If you were using to 220 ohms from 5 V and you drop the supply to 3.3 for a 2.1V RED then 5-2.1=2.9 or R reduces to 2.9/220*R=1.2V difference

and R=1.2 /2.9×220= answer

Very accurate method which I use to estimate R and determine the voltage threshold for dim at 10% Imax which is often 10% below the rated forward voltage . Then use the difference voltage between the supply and that threshold Vt to determine the total series resistance.

The LED resistance is I have found inverse to its power rating so a 1/16W is ~ 16 ohms , a 1 W is approximately 1 ohms or less. Thus the added Series R changes with power of the LED.

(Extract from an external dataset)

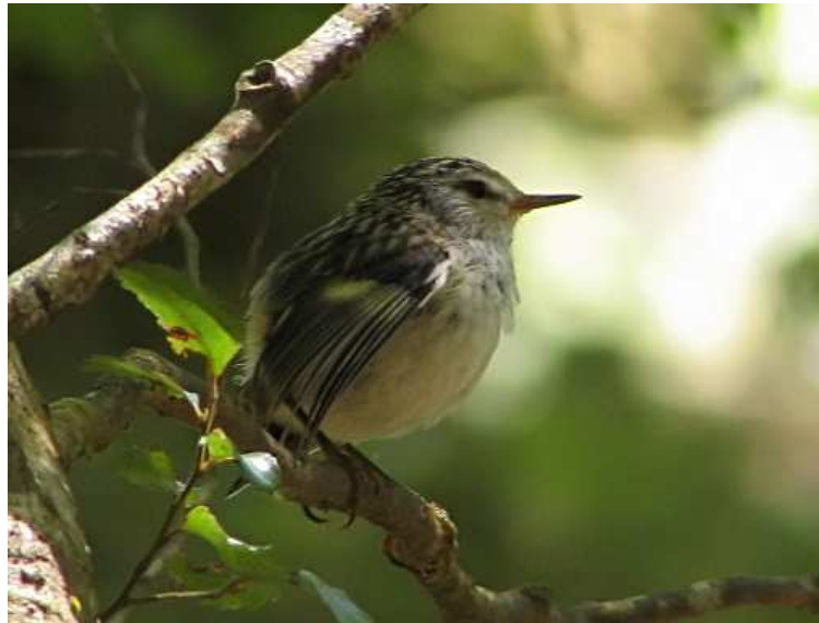
Rifleman / Titipounamo ( Acanthisitta chloris ), NZ's smallest bird

This may sound complicated but with practice it’s trivial. The total series resistance you would need to drop from 3.3 V just depends on the LED curve ESR plus the series resistance to get exact desired current with reasonable tolerances. If you search my answers in the window at the top of this page you will find I have written dozens of examples on this topic.

Also compute I^2R for high current LEDs

You may learn how to do this or not is your choice.

E.g. in search tab above type or paste user:"Tony Stewart" LED ESR R quote marks are needed due to space in "my name" . I see I have 63 hits for these keywords.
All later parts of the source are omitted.